▶ [PROBLEM STATEMENT]: Word for word, set down the entries that follow.
SOURCE RECORDS below:
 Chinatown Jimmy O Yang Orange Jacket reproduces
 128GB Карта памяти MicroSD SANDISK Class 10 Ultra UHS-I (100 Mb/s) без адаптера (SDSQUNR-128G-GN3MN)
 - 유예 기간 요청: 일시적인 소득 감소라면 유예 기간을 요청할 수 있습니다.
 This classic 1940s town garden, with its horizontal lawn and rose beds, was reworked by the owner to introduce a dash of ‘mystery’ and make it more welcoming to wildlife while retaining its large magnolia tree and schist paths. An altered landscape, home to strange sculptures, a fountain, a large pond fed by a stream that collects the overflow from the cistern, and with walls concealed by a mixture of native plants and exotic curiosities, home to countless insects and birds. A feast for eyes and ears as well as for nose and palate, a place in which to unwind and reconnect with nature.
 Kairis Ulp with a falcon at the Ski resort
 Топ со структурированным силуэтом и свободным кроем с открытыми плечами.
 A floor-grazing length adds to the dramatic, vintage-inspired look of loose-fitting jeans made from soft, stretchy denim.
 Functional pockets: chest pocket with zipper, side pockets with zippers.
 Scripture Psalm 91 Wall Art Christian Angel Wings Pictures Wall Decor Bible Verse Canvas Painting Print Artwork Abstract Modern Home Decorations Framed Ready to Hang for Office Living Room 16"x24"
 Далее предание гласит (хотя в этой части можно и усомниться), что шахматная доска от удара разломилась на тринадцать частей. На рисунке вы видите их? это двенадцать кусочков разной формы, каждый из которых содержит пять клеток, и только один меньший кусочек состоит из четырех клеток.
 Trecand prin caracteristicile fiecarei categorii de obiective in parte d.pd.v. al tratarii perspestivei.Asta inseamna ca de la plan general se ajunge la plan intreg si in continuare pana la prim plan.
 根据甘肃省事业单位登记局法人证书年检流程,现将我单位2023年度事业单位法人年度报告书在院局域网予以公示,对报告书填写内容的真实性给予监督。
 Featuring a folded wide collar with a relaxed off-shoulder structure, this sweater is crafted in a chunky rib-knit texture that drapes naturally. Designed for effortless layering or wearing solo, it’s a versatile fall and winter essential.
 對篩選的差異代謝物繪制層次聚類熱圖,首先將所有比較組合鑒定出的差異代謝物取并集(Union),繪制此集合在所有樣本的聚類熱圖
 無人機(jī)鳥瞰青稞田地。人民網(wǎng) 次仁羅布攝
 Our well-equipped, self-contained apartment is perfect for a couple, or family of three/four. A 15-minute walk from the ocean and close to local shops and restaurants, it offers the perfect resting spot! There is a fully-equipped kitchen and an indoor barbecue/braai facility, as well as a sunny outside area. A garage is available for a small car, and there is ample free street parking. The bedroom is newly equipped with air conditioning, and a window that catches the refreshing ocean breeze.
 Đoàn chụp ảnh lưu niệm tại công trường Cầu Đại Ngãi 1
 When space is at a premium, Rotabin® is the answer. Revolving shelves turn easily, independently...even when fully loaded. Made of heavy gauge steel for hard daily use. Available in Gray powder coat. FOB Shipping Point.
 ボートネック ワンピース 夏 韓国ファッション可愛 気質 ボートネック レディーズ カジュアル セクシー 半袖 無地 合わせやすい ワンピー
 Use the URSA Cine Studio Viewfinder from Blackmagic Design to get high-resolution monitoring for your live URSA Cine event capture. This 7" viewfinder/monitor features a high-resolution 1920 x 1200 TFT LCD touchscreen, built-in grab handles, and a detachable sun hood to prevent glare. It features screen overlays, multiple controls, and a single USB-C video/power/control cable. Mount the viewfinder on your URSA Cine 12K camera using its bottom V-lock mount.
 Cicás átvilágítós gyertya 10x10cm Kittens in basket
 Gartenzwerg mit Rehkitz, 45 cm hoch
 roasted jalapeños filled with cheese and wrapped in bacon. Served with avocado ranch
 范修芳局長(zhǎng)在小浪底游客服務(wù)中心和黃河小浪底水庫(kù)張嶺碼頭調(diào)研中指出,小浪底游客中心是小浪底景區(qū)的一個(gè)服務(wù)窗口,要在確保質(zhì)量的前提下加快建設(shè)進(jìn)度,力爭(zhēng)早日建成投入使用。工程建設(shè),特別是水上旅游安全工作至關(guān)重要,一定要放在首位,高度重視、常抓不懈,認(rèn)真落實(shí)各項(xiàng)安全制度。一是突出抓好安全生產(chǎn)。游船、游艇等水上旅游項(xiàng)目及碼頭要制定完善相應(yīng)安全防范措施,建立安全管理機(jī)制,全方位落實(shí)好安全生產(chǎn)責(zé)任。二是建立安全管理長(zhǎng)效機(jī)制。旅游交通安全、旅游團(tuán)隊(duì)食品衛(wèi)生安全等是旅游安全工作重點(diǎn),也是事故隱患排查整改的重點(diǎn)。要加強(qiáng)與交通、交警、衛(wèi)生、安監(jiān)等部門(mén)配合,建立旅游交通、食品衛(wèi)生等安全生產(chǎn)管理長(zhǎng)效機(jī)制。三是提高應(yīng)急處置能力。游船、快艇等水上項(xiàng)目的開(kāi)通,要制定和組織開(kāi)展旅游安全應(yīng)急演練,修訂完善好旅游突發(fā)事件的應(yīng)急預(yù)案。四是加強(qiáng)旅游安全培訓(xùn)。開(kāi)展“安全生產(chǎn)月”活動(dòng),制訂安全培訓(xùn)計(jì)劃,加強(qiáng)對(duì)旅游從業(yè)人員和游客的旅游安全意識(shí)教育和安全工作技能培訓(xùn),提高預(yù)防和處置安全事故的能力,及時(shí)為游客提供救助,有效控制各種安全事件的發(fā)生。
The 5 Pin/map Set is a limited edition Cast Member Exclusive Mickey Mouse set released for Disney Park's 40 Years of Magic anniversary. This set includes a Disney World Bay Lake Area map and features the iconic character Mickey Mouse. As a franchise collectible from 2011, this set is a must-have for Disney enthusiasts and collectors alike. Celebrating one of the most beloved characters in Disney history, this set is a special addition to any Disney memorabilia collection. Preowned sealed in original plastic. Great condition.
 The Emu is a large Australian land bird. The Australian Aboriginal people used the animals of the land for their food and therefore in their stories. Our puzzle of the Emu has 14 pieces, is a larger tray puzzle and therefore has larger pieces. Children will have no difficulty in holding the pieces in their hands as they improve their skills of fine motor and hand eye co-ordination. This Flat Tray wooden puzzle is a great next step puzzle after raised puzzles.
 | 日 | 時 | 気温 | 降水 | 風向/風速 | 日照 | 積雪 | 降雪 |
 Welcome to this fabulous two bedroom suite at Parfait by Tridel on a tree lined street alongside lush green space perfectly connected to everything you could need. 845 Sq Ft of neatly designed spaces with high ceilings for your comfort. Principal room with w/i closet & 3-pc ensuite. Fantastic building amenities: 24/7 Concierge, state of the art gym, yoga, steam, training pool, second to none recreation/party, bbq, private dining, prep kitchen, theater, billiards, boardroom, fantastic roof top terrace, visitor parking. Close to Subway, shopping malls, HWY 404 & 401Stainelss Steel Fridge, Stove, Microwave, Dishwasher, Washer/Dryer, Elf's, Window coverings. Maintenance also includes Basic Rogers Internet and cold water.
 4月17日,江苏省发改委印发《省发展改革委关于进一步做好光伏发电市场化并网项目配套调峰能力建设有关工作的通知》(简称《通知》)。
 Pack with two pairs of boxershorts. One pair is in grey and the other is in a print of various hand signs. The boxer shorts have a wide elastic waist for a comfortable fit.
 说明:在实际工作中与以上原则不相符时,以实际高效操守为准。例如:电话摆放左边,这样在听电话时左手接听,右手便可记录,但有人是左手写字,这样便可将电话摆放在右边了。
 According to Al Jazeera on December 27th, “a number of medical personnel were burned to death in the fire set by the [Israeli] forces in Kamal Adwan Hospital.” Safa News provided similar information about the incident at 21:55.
End of SOURCE RECORDS.
▶ [RESPONSE]:
 Chinatown Jimmy O Yang Orange Jacket reproduces
 128GB Карта памяти MicroSD SANDISK Class 10 Ultra UHS-I (100 Mb/s) без адаптера (SDSQUNR-128G-GN3MN)
 - 유예 기간 요청: 일시적인 소득 감소라면 유예 기간을 요청할 수 있습니다.
 This classic 1940s town garden, with its horizontal lawn and rose beds, was reworked by the owner to introduce a dash of ‘mystery’ and make it more welcoming to wildlife while retaining its large magnolia tree and schist paths. An altered landscape, home to strange sculptures, a fountain, a large pond fed by a stream that collects the overflow from the cistern, and with walls concealed by a mixture of native plants and exotic curiosities, home to countless insects and birds. A feast for eyes and ears as well as for nose and palate, a place in which to unwind and reconnect with nature.
 Kairis Ulp with a falcon at the Ski resort
 Топ со структурированным силуэтом и свободным кроем с открытыми плечами.
 A floor-grazing length adds to the dramatic, vintage-inspired look of loose-fitting jeans made from soft, stretchy denim.
 Functional pockets: chest pocket with zipper, side pockets with zippers.
 Scripture Psalm 91 Wall Art Christian Angel Wings Pictures Wall Decor Bible Verse Canvas Painting Print Artwork Abstract Modern Home Decorations Framed Ready to Hang for Office Living Room 16"x24"
 Далее предание гласит (хотя в этой части можно и усомниться), что шахматная доска от удара разломилась на тринадцать частей. На рисунке вы видите их? это двенадцать кусочков разной формы, каждый из которых содержит пять клеток, и только один меньший кусочек состоит из четырех клеток.
 Trecand prin caracteristicile fiecarei categorii de obiective in parte d.pd.v. al tratarii perspestivei.Asta inseamna ca de la plan general se ajunge la plan intreg si in continuare pana la prim plan.
 根据甘肃省事业单位登记局法人证书年检流程,现将我单位2023年度事业单位法人年度报告书在院局域网予以公示,对报告书填写内容的真实性给予监督。
 Featuring a folded wide collar with a relaxed off-shoulder structure, this sweater is crafted in a chunky rib-knit texture that drapes naturally. Designed for effortless layering or wearing solo, it’s a versatile fall and winter essential.
 對篩選的差異代謝物繪制層次聚類熱圖,首先將所有比較組合鑒定出的差異代謝物取并集(Union),繪制此集合在所有樣本的聚類熱圖
 無人機(jī)鳥瞰青稞田地。人民網(wǎng) 次仁羅布攝
 Our well-equipped, self-contained apartment is perfect for a couple, or family of three/four. A 15-minute walk from the ocean and close to local shops and restaurants, it offers the perfect resting spot! There is a fully-equipped kitchen and an indoor barbecue/braai facility, as well as a sunny outside area. A garage is available for a small car, and there is ample free street parking. The bedroom is newly equipped with air conditioning, and a window that catches the refreshing ocean breeze.
 Đoàn chụp ảnh lưu niệm tại công trường Cầu Đại Ngãi 1
 When space is at a premium, Rotabin® is the answer. Revolving shelves turn easily, independently...even when fully loaded. Made of heavy gauge steel for hard daily use. Available in Gray powder coat. FOB Shipping Point.
 ボートネック ワンピース 夏 韓国ファッション可愛 気質 ボートネック レディーズ カジュアル セクシー 半袖 無地 合わせやすい ワンピー
 Use the URSA Cine Studio Viewfinder from Blackmagic Design to get high-resolution monitoring for your live URSA Cine event capture. This 7" viewfinder/monitor features a high-resolution 1920 x 1200 TFT LCD touchscreen, built-in grab handles, and a detachable sun hood to prevent glare. It features screen overlays, multiple controls, and a single USB-C video/power/control cable. Mount the viewfinder on your URSA Cine 12K camera using its bottom V-lock mount.
 Cicás átvilágítós gyertya 10x10cm Kittens in basket
 Gartenzwerg mit Rehkitz, 45 cm hoch
 roasted jalapeños filled with cheese and wrapped in bacon. Served with avocado ranch
 范修芳局長(zhǎng)在小浪底游客服務(wù)中心和黃河小浪底水庫(kù)張嶺碼頭調(diào)研中指出,小浪底游客中心是小浪底景區(qū)的一個(gè)服務(wù)窗口,要在確保質(zhì)量的前提下加快建設(shè)進(jìn)度,力爭(zhēng)早日建成投入使用。工程建設(shè),特別是水上旅游安全工作至關(guān)重要,一定要放在首位,高度重視、常抓不懈,認(rèn)真落實(shí)各項(xiàng)安全制度。一是突出抓好安全生產(chǎn)。游船、游艇等水上旅游項(xiàng)目及碼頭要制定完善相應(yīng)安全防范措施,建立安全管理機(jī)制,全方位落實(shí)好安全生產(chǎn)責(zé)任。二是建立安全管理長(zhǎng)效機(jī)制。旅游交通安全、旅游團(tuán)隊(duì)食品衛(wèi)生安全等是旅游安全工作重點(diǎn),也是事故隱患排查整改的重點(diǎn)。要加強(qiáng)與交通、交警、衛(wèi)生、安監(jiān)等部門(mén)配合,建立旅游交通、食品衛(wèi)生等安全生產(chǎn)管理長(zhǎng)效機(jī)制。三是提高應(yīng)急處置能力。游船、快艇等水上項(xiàng)目的開(kāi)通,要制定和組織開(kāi)展旅游安全應(yīng)急演練,修訂完善好旅游突發(fā)事件的應(yīng)急預(yù)案。四是加強(qiáng)旅游安全培訓(xùn)。開(kāi)展“安全生產(chǎn)月”活動(dòng),制訂安全培訓(xùn)計(jì)劃,加強(qiáng)對(duì)旅游從業(yè)人員和游客的旅游安全意識(shí)教育和安全工作技能培訓(xùn),提高預(yù)防和處置安全事故的能力,及時(shí)為游客提供救助,有效控制各種安全事件的發(fā)生。
The 5 Pin/map Set is a limited edition Cast Member Exclusive Mickey Mouse set released for Disney Park's 40 Years of Magic anniversary. This set includes a Disney World Bay Lake Area map and features the iconic character Mickey Mouse. As a franchise collectible from 2011, this set is a must-have for Disney enthusiasts and collectors alike. Celebrating one of the most beloved characters in Disney history, this set is a special addition to any Disney memorabilia collection. Preowned sealed in original plastic. Great condition.
 The Emu is a large Australian land bird. The Australian Aboriginal people used the animals of the land for their food and therefore in their stories. Our puzzle of the Emu has 14 pieces, is a larger tray puzzle and therefore has larger pieces. Children will have no difficulty in holding the pieces in their hands as they improve their skills of fine motor and hand eye co-ordination. This Flat Tray wooden puzzle is a great next step puzzle after raised puzzles.
 | 日 | 時 | 気温 | 降水 | 風向/風速 | 日照 | 積雪 | 降雪 |
 Welcome to this fabulous two bedroom suite at Parfait by Tridel on a tree lined street alongside lush green space perfectly connected to everything you could need. 845 Sq Ft of neatly designed spaces with high ceilings for your comfort. Principal room with w/i closet & 3-pc ensuite. Fantastic building amenities: 24/7 Concierge, state of the art gym, yoga, steam, training pool, second to none recreation/party, bbq, private dining, prep kitchen, theater, billiards, boardroom, fantastic roof top terrace, visitor parking. Close to Subway, shopping malls, HWY 404 & 401Stainelss Steel Fridge, Stove, Microwave, Dishwasher, Washer/Dryer, Elf's, Window coverings. Maintenance also includes Basic Rogers Internet and cold water.
 4月17日,江苏省发改委印发《省发展改革委关于进一步做好光伏发电市场化并网项目配套调峰能力建设有关工作的通知》(简称《通知》)。
 Pack with two pairs of boxershorts. One pair is in grey and the other is in a print of various hand signs. The boxer shorts have a wide elastic waist for a comfortable fit.
 说明:在实际工作中与以上原则不相符时,以实际高效操守为准。例如:电话摆放左边,这样在听电话时左手接听,右手便可记录,但有人是左手写字,这样便可将电话摆放在右边了。
 According to Al Jazeera on December 27th, “a number of medical personnel were burned to death in the fire set by the [Israeli] forces in Kamal Adwan Hospital.” Safa News provided similar information about the incident at 21:55.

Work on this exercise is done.